Anna Calvi
The English-Italian diva pens torch songs for the new millennium
By: Dan Grunebaum | Feb 1, 2012 | Issue: 932 | No Comments | 2,401 views

Courtesy of Hostess

With her hard-to-pin-down sound, bee-sting lips and bottomless blue eyes, it’s no shocker to learn that Anna Calvi has just snagged a 2012 European Border Breakers Award. When I catch up with her in the Netherlands, she’s sleeping it off following the last night’s awards ceremony.

“Yeah it was good,” she allows sleepily. “It’s nice to be appreciated for what you do. They choose someone from each country, someone who has done well in Europe.” For the record, Calvi didn’t receive any cash from the EU-sponsored awards, but—like previous winner Adele—only a “small statue with stars on it.”

For what reason did the EU recognize her for crossing borders? “I think my music isn’t particularly English sounding,” she offers. “My influences are quite wide and not specifically English. Perhaps that’s why it’s resonated in other countries.”

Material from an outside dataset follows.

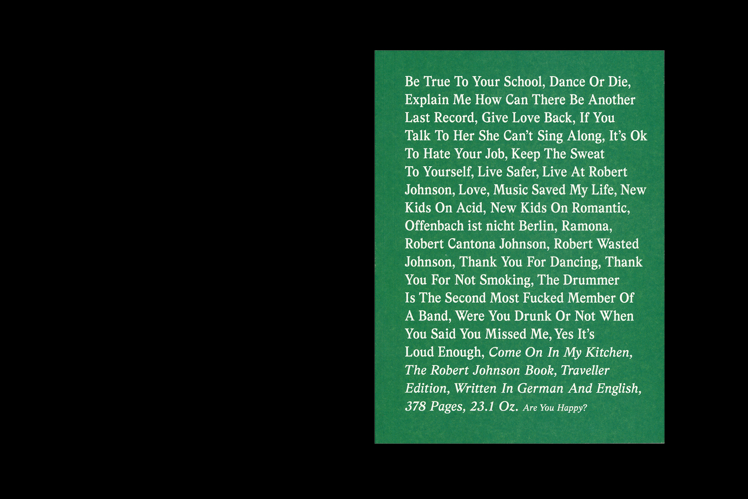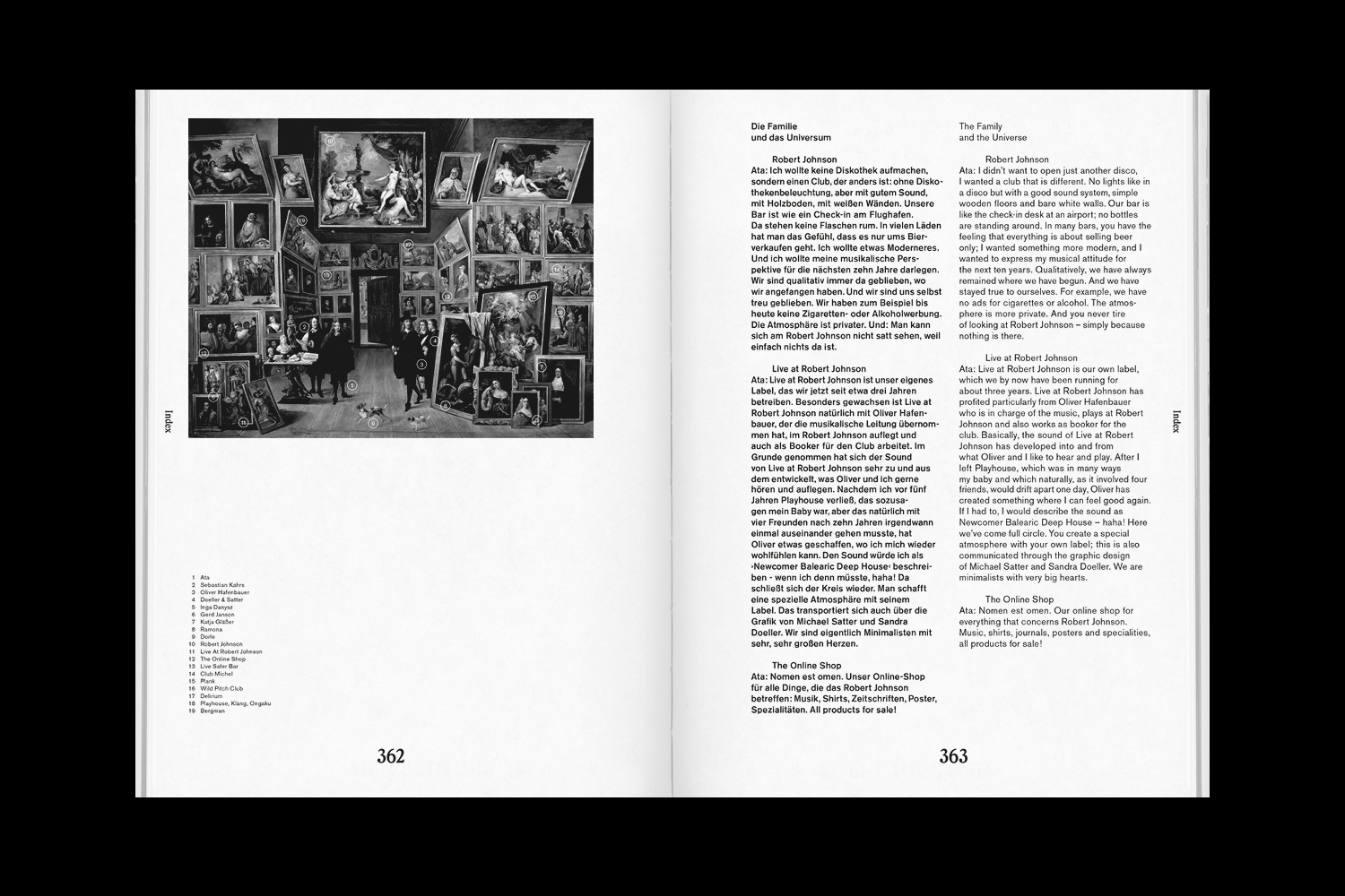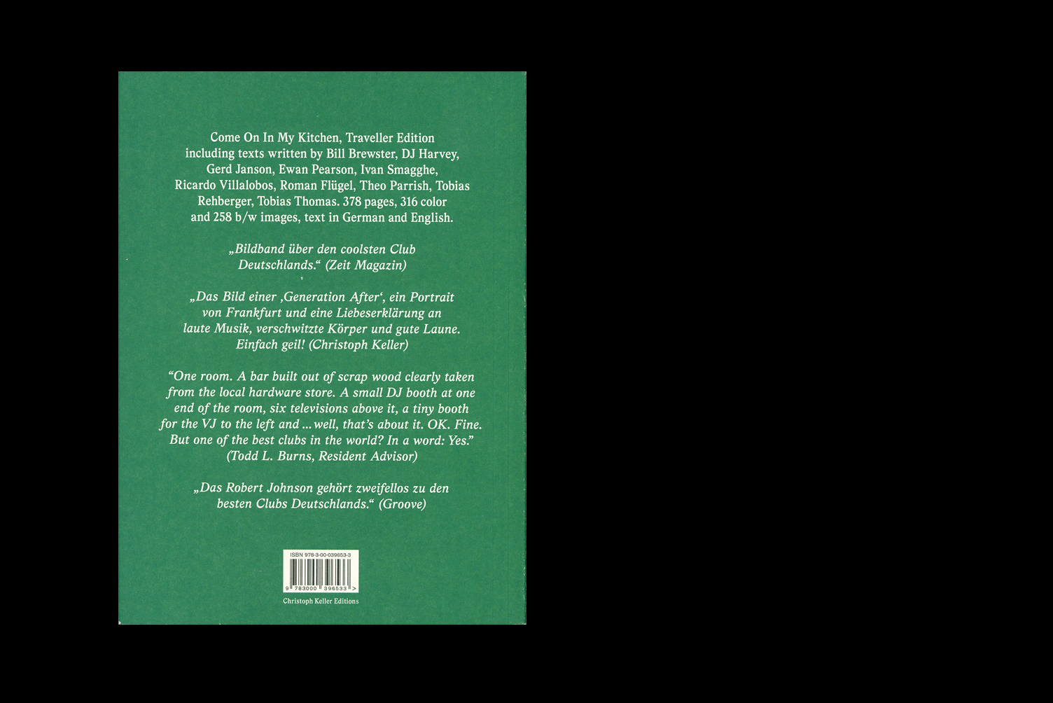 “Thank you for dancing and never forget: the good times are always now! Farewell, Ramona.” These words by “Robert Johnson’s” own and very mysterious hostess might be as mundane as the very concept of nightclubs. But at a second glance, it is apparent that they are not only hotbeds of sin or places where dance and pop music are shaped, refined, and processed, but also where art, design, fashion, and culture meet in a whirlwind of hedonism. “Come On In My Kitchen” is the story of such a place. Located in Offenbach am Main, which adjoins Frankfurt, “Robert Johnson” is an internationally renowned club whose existence now spans more than a decade. With an assemblage of images and texts, which sometimes explain and sometimes glorify, this book traces history and future—by turns sober and enchanting—of a crackpot idea that in its best moments has touched people (musicians, artists, photographers, designers, fashion groupies, and nightclub geeks), inspiring something between heavenly splendour and earthly joy. It is truly one of a kind. “Come On In My Kitchen” unearths never-before-published images, insider texts, and anecdotal testimony from all over the world, giving an intimate glimpse into a legendary institution. With contributions by Andreas Tomalla, Fred Geuljans, Gerd Schüler, Luca Anzilotti, Michael Müunzig, Nico Ventriglia, Ralf-Rainer Rygulla, Sven Väth, Stephan Loichinger, Michael Satter, Heiner Blum, Tobias Thomas, Tobias Rehberger, Ricardo Villalobos, Bill Brewster, Ewan Pearson, Katharina Helmbold, Theo Parrish, Ivan Smagghe, Roman Flügel, DJ Harvey, Wolfgang Garçon, Stefan Marx, and Andreas Lupo Lubich and photographs by Kathrin Binner, Daniel Herrmann, Ata, Julia Katharina Ziegler, Inga Danysz, and Marc Krause. The publication is part of the series of artists’ projects edited by Christoph Keller

With the psychedelic darkness of a Nick Cave song or David Lynch soundtrack, Calvi’s sound bears little in common with the Amy Winehouse/Adele brand of neo soul currently dominating the charts. That didn’t stop her from being nominated for a Mercury Music Prize, BRIT Award, or being named one to watch in BBC’s Sound of 2011 poll.

“I grew up listening to my father’s record collection,” she explains. “There was a lot of Captain Beefheart and all these ’60s bands as well as classical and jazz like Django Reinhardt. I also fell in love with composers like Debussy and Ravel. I had a very wide spectrum of music that I’d listen to, but I didn’t feel like I was weird or anything.”

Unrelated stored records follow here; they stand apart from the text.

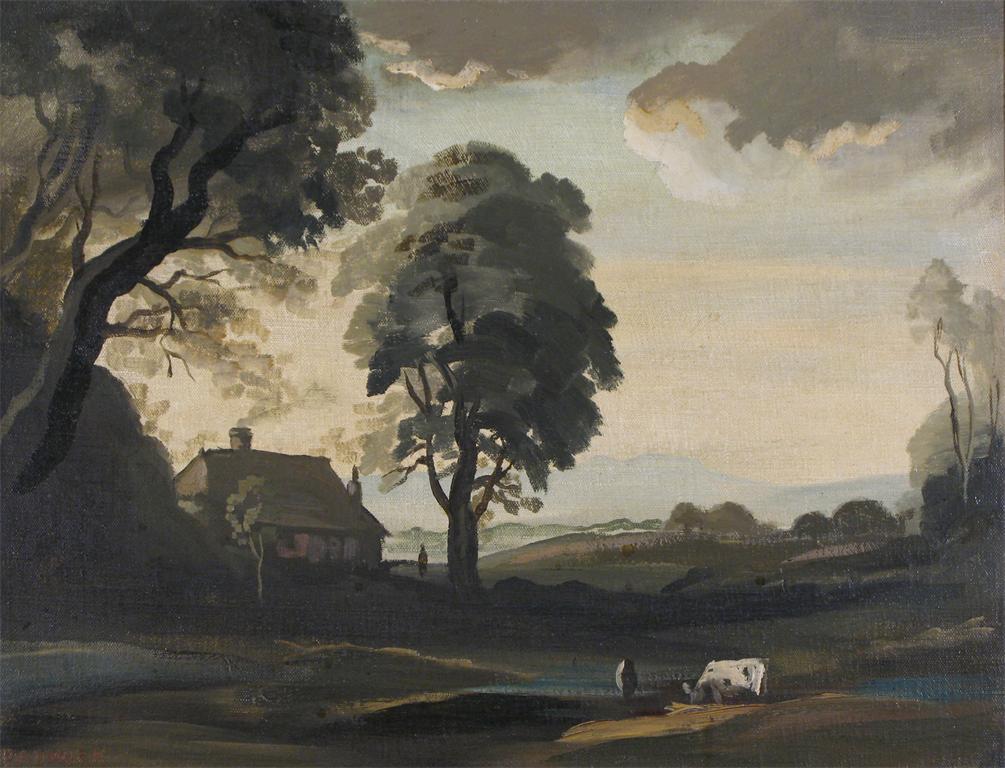 Phillip Hugh Padwick RBA, ROI, (1826 - 1958): Cattle grazing, a farmhouse nearby, signed, oil on canvas board, 45 x 60cm (17.75 x 23.5in).
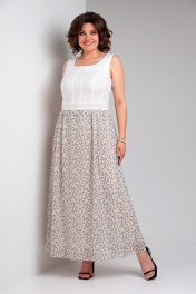 Бежевое и белое платье и жакет из льна с тонкой отделкой Liona Style 908 молочный
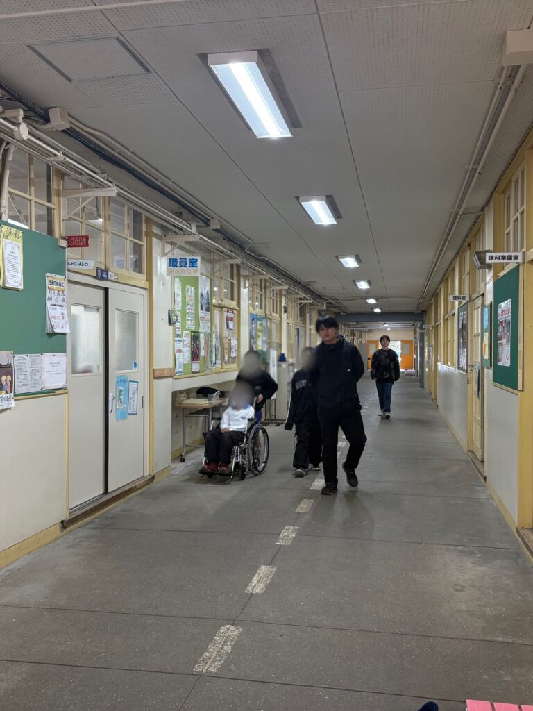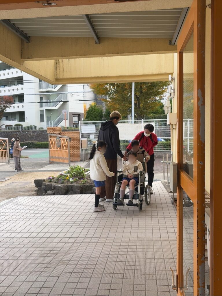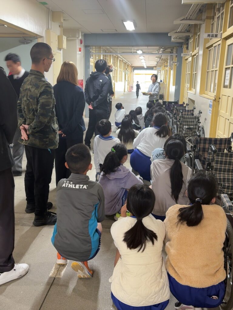 11月12日に神陵台小学校で、小学4年生向けに車椅子・白杖体験が行われ、学生が体験学習のサポートを行いました。

Born with two dislocated hips, Calvi was in and out of hospitals for the first years of her life. “I had to have lots of operations to try to correct that,” she recalls. “The way that children deal with stress is to get lost in their imagination, which is something I did a lot and continue to do. It’s an essential part of being a creative person—I taught myself guitar from age eight and just got obsessed and lost in it.”

When she sings, “It’s just the devil in me,” on “Desire,” from last year’s eponymous debut, it’s hard not to get lost oneself in Calvi’s lush musical world. But it’s not difficult to fathom why legendary producer Brian Eno chose to work with her and called her the biggest thing since Patti Smith.

However, Calvi is somewhat reticent when talking about her songs. “There weren’t any specific experiences—it’s not like I had a break-up and then wrote a song,” she says, when asked what informed the creation of her album. “I really wanted to tell the story of the songs through the music and not just the lyrics, to create an atmosphere for each song, as if it were a film. I wanted to make it passionate—that was my main idea for the album.”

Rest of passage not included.